• GIVEN MATERIAL

════════════════════

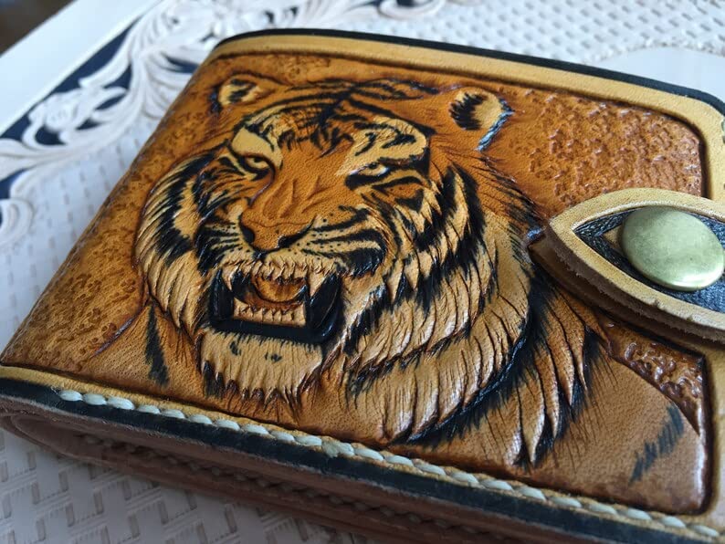 More information about Tiger, Men's 3D Genuine Leather Wallet, Handmade wallet, Carved wallet, Tooled wallet, Airbrush Art, Bifold wallet, Custom wallet, Personalized wallet
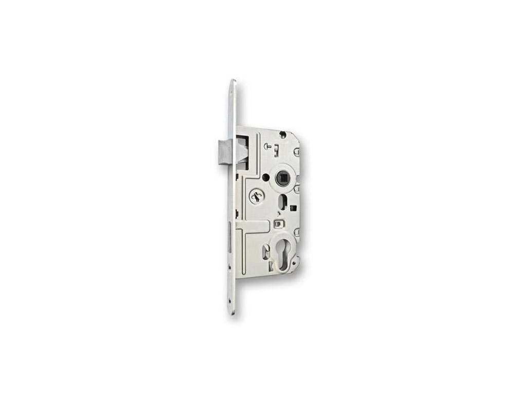 Zámek dveřní zadlabací vložkový, s plastovou střelkou a závorou, jednozápadový.
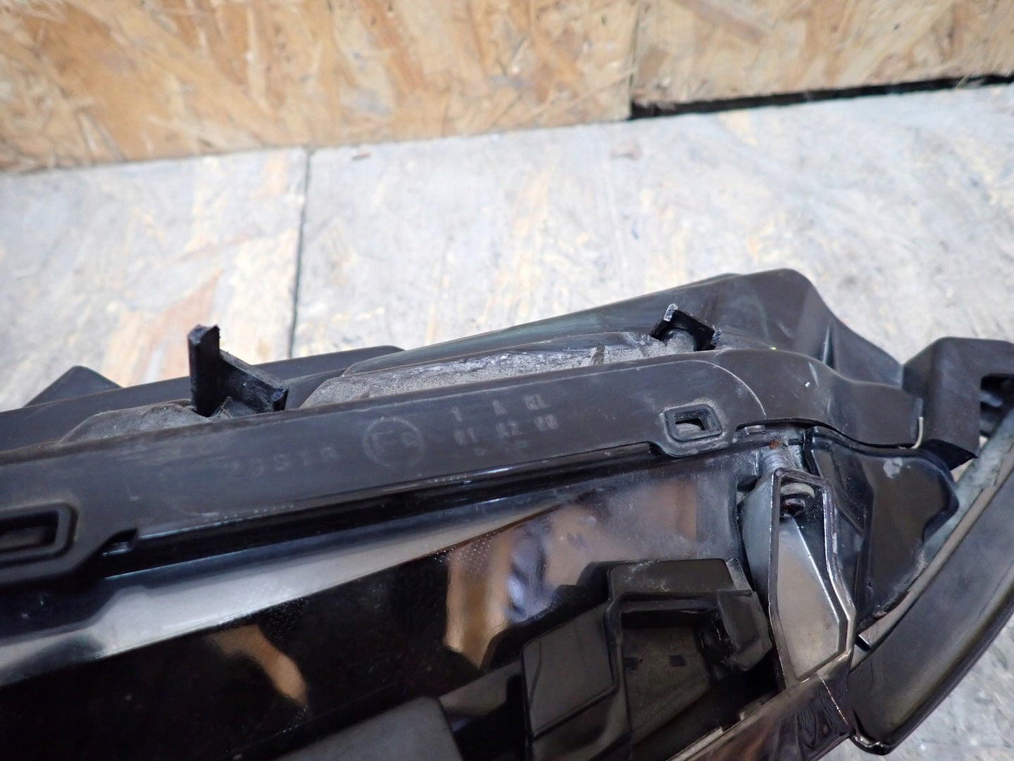 Please be aware that this headlight assembly is from a previously owned vehicle and includes a damaged bracket. However, the bracket damage can often be effectively repaired using an original repair kit, allowing for a reliable and secure installation. This repair can typically be performed by those with basic mechanical skills or by a professional if preferred.

════════════════════

Repeat the whole listing above word for word, but keep any picture out of it.

• RESPONSE AREA
 More information about Tiger, Men's 3D Genuine Leather Wallet, Handmade wallet, Carved wallet, Tooled wallet, Airbrush Art, Bifold wallet, Custom wallet, Personalized wallet
 Zámek dveřní zadlabací vložkový, s plastovou střelkou a závorou, jednozápadový.
 Please be aware that this headlight assembly is from a previously owned vehicle and includes a damaged bracket. However, the bracket damage can often be effectively repaired using an original repair kit, allowing for a reliable and secure installation. This repair can typically be performed by those with basic mechanical skills or by a professional if preferred.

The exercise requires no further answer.